Once multiple people contribute, this inconsistency becomes much worse.

That’s when structured validation starts becoming necessary.

Authentication becomes real

A CRM knows exactly who updated a record.

A markdown file doesn’t.

When AI becomes the interface, you still need to know which human requested the change.

That’s much harder than simply letting Claude write files.

Permissions don’t disappear

As a solo founder, permissions aren’t a problem.

As soon as multiple people share customer information, they become critical.

Who can delete contacts?

Who can export customer data?

Who can edit pricing notes?

Traditional CRMs answer these questions already.

A conversational interface still needs to.

I was slowly rebuilding CRM features

This was probably the biggest realization.

Every solution I added looked suspiciously like another CRM feature.

Validation.

Permissions.

History.

Audit logs.

User identity.

Eventually I asked myself:

“If I’m rebuilding these one by one, am I actually replacing a CRM?”

Probably not.

My Biggest Takeaway

The Reddit discussion framed this as replacing software with conversation.

After trying it myself, I think that’s only half the story.

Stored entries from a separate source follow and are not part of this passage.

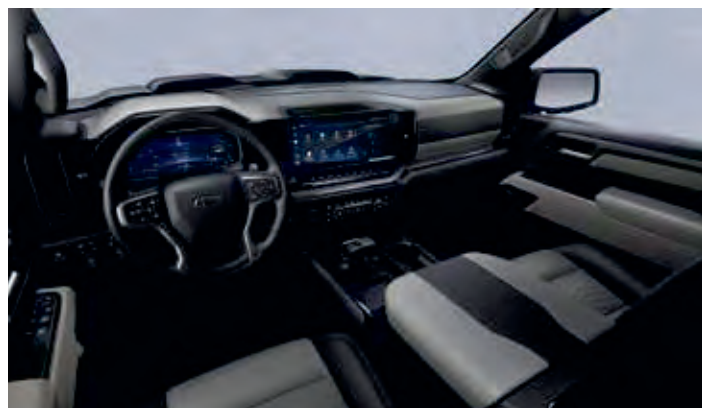
Greystone – H37
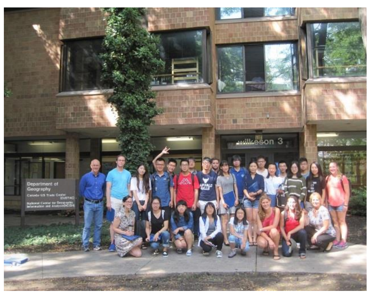
Incoming Fall 2016 graduate students at the reception held on August 26, 2016.
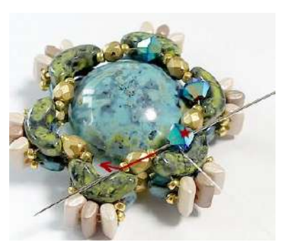
16) Place 1 T4 between each group of beads (R15, F3 and R15).
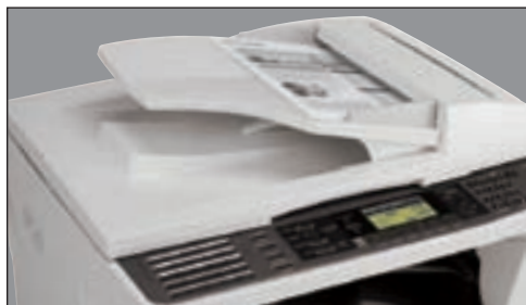
MX-M200D shown with standard 40-sheet Reversing Single Pass Feeder.
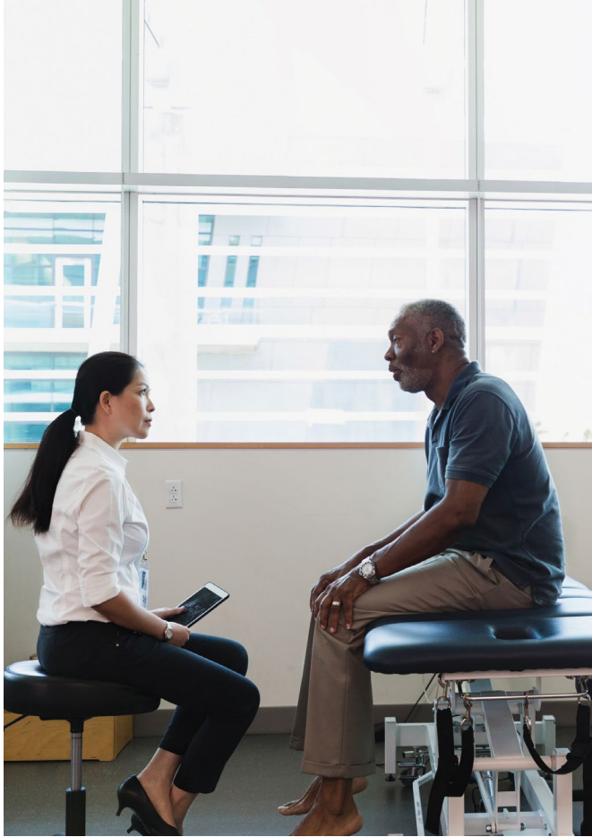
table while being examined because the tables are high and narrow, without side rails. Each experience was frightening and embarrassing for me. After several years of frightening experiences on standard tables, or exams in my wheelchair, I just avoided going to the doctor altogether unless I was very ill. (Woman with a physical disability)

It is important to recognize that the safe and effective use of accessible MDE is central to the
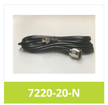
Cable Assembly (20 Ft, RG-58, BNC male ↔ N male)
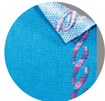
Embroidery with self-adhesive stabilizer
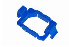
IEC Lock Clip 0861
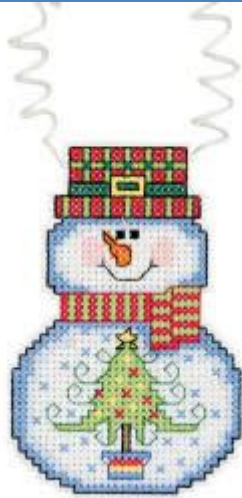
Holiday Wizzers Ornament Snowman with Tree by Janlynn
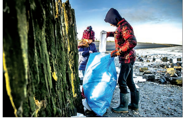
Dutch volunteers have been helping to collect the washed-up content from containers onboard the MSC Zoe .

On the tiny island of Ameland "130,000 kg of debris has already
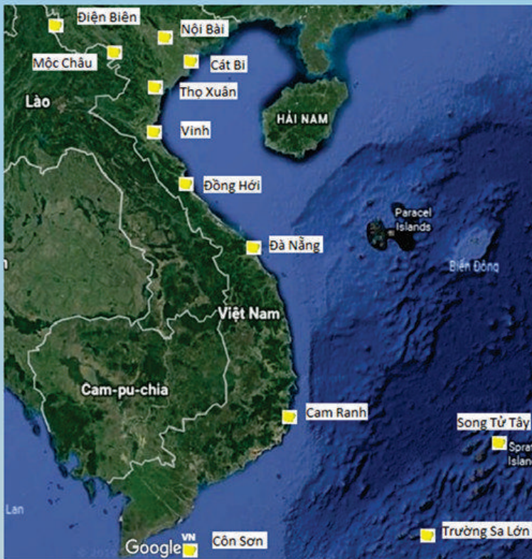
ADS-B stations system installed and operated by ATTECH
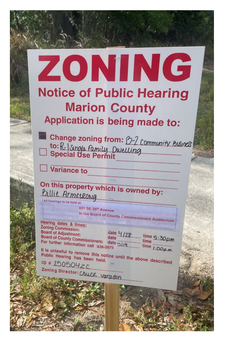
Figure 3 Sign Posting
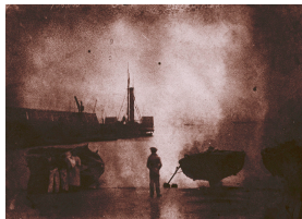
Hill and Adamson

Conversation is an excellent interface.

It isn’t a replacement for structured systems.

Claude is fantastic at interpreting messy human language.

It is much less suited to being the ultimate source of truth for customer records.

Those are different jobs.

What I’d Recommend

If you’re a solo founder or a team of two or three people, I’d absolutely encourage experimenting with conversational workflows.

You probably don’t need a complicated CRM for every interaction.

On the other hand, once you have dedicated SDRs, account executives, managers, compliance requirements, or multiple people touching customer records, the equation changes quickly.

The features that feel unnecessary today—audit trails, permissions, validation, standardized fields—become the things that keep your data trustworthy.

My own workflow today is somewhere in the middle.

Claude handles conversations, summaries, drafting, research, and repetitive updates.

The underlying system remains structured.

I no longer think of Claude as a CRM replacement.

I think of it as the best interface I’ve ever had for working with a CRM.


One final lesson surprised me more than anything else.

The biggest productivity gain wasn’t deleting software.

It was deleting friction.

Every time I removed a small piece of unnecessary manual work—copying notes, updating fields, switching tabs—I stayed focused a little longer on the work that actually creates value.

That’s the part worth keeping, regardless of which CRM or AI tool you eventually choose.